Submitted to: Journal of Virological Methods
Publication Type: Other
Publication Acceptance Date: October 26, 2007
Publication Date: October 26, 2007
Citation: Kato, C.Y., Mayer, R.T. An Improved, High-Throughput Method for Detection of Bluetongue Virus RNA in Culicodes Midges. Journal of Virological Methods. Presentation at the Universite Pierre and Marie Curie. Paris, France. Oct. 26, 2007.
Interpretive Summary: We have developed an assay for Bluetongue virus detection using infrared-dye-labeled primers for reverse transcriptase PCR. This assay is fast, sensitive, and cost effective. We also improved the processing procedure of individual midges so that they can be processed (from homogenization to nucleic acid isolation) in 96-well plate format. Previous processing methods handled one specimen at a time.

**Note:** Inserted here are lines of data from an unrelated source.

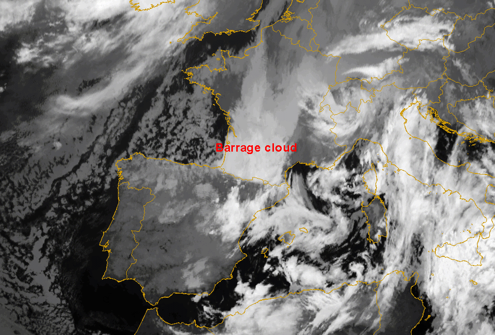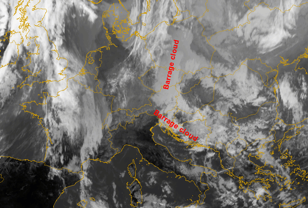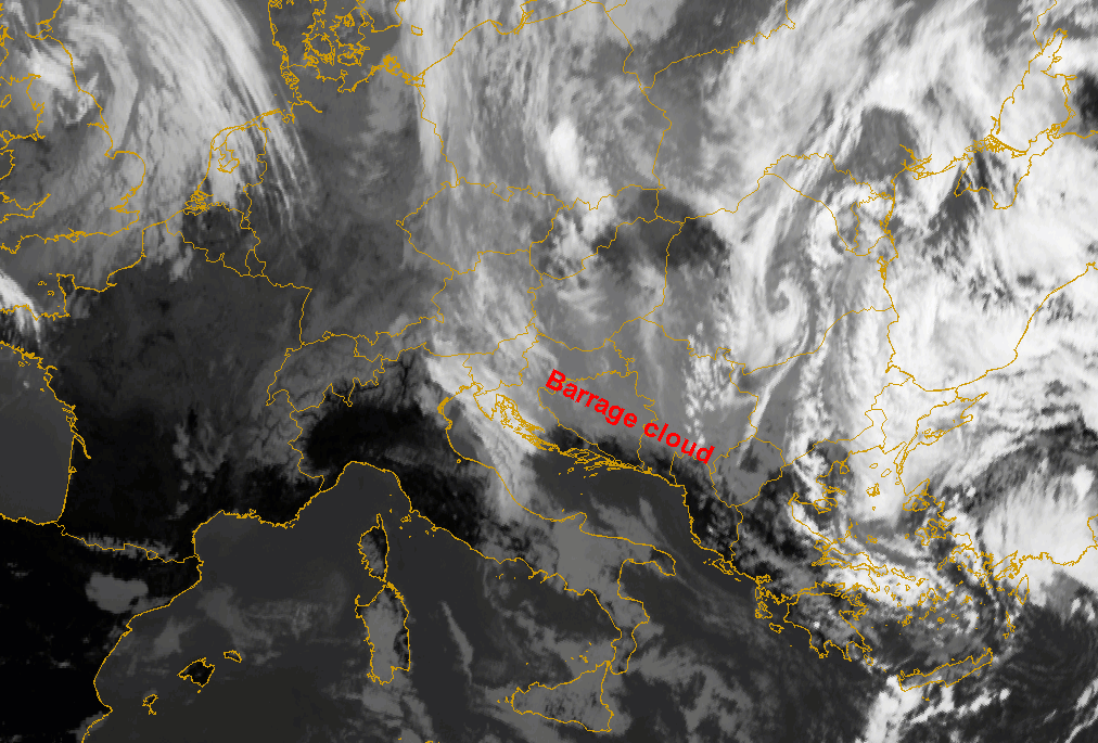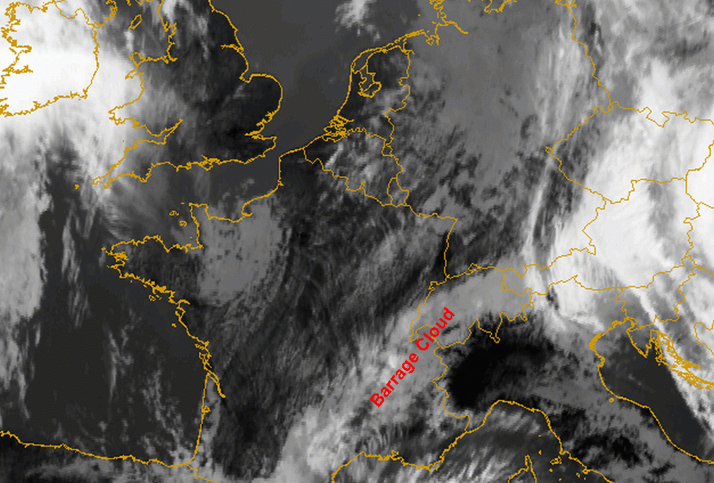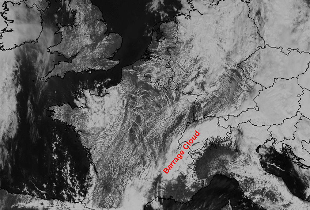 After the passage of a Cold Front, from Spain over E. France into Switzerland, Barrage cloudiness forms on the Western Alpine ridge. The Barrage cloudiness extends tangentially to the main Alpine ridge with a pronounced cloud bulge over the western Alpine bow.
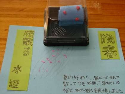 2年4組、美術。和菓子鑑賞会。他の人の作品から良い技術やアイデアを学ぼう!
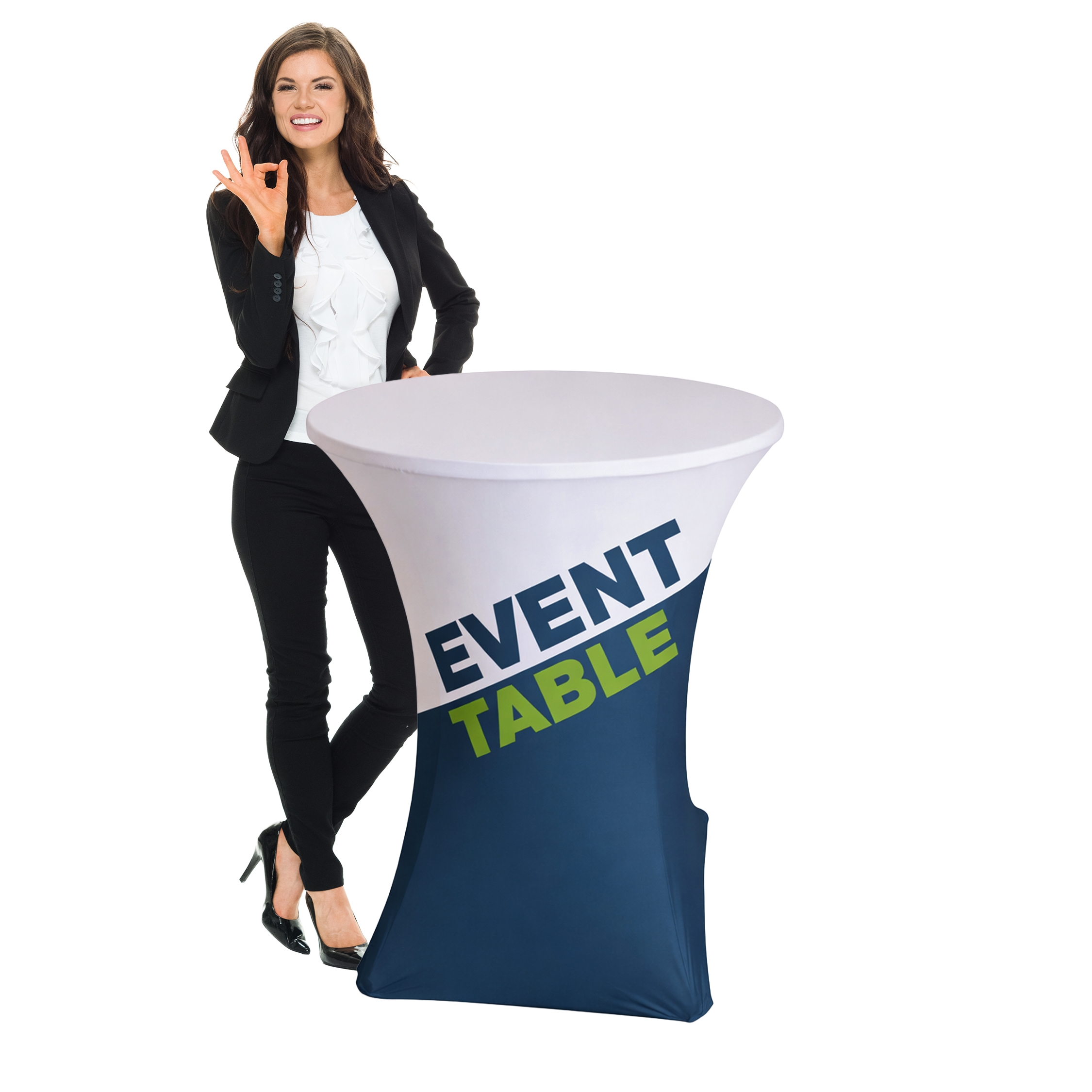 Rundt ståbord/klapbord med eget print, praktisk, elegant og alsidigt - perfekt til messer, events, og fester!

A new rapid (less than 6 h from insect-to-results) high-throughput assay is reported that is sensitive and specific for detecting BTV RNA in Culicoides biting midges. Homogenization and extraction of nucleic acids from individual Culicoides specimens were performed in a 96-well plate format using specialized beads in a homogenization buffer compatible with cell culture and RNA extraction. A portion of homogenate (10%) from each specimen was retained for confirmatory infectious virus isolation, while the remaining 90% was used for RNA extraction. The RNA was used in a single step reverse transcriptase PCR (RT-PCR) reaction with infrared (IR)-dye-labeled primers. The RT-PCR products were visualized in agarose gels with an infrared scanner. The adaptation of IR-dye-labeled primers in combination with a one step RT-PCR resulted in a detection limit of 0.5 pfu of purified BTV RNA. All 24 serotypes of BTV prototype strains and none of the 8 serotypes of the closely related epizootic hemorrhagic disease virus (EHDV) prototype strains were detected.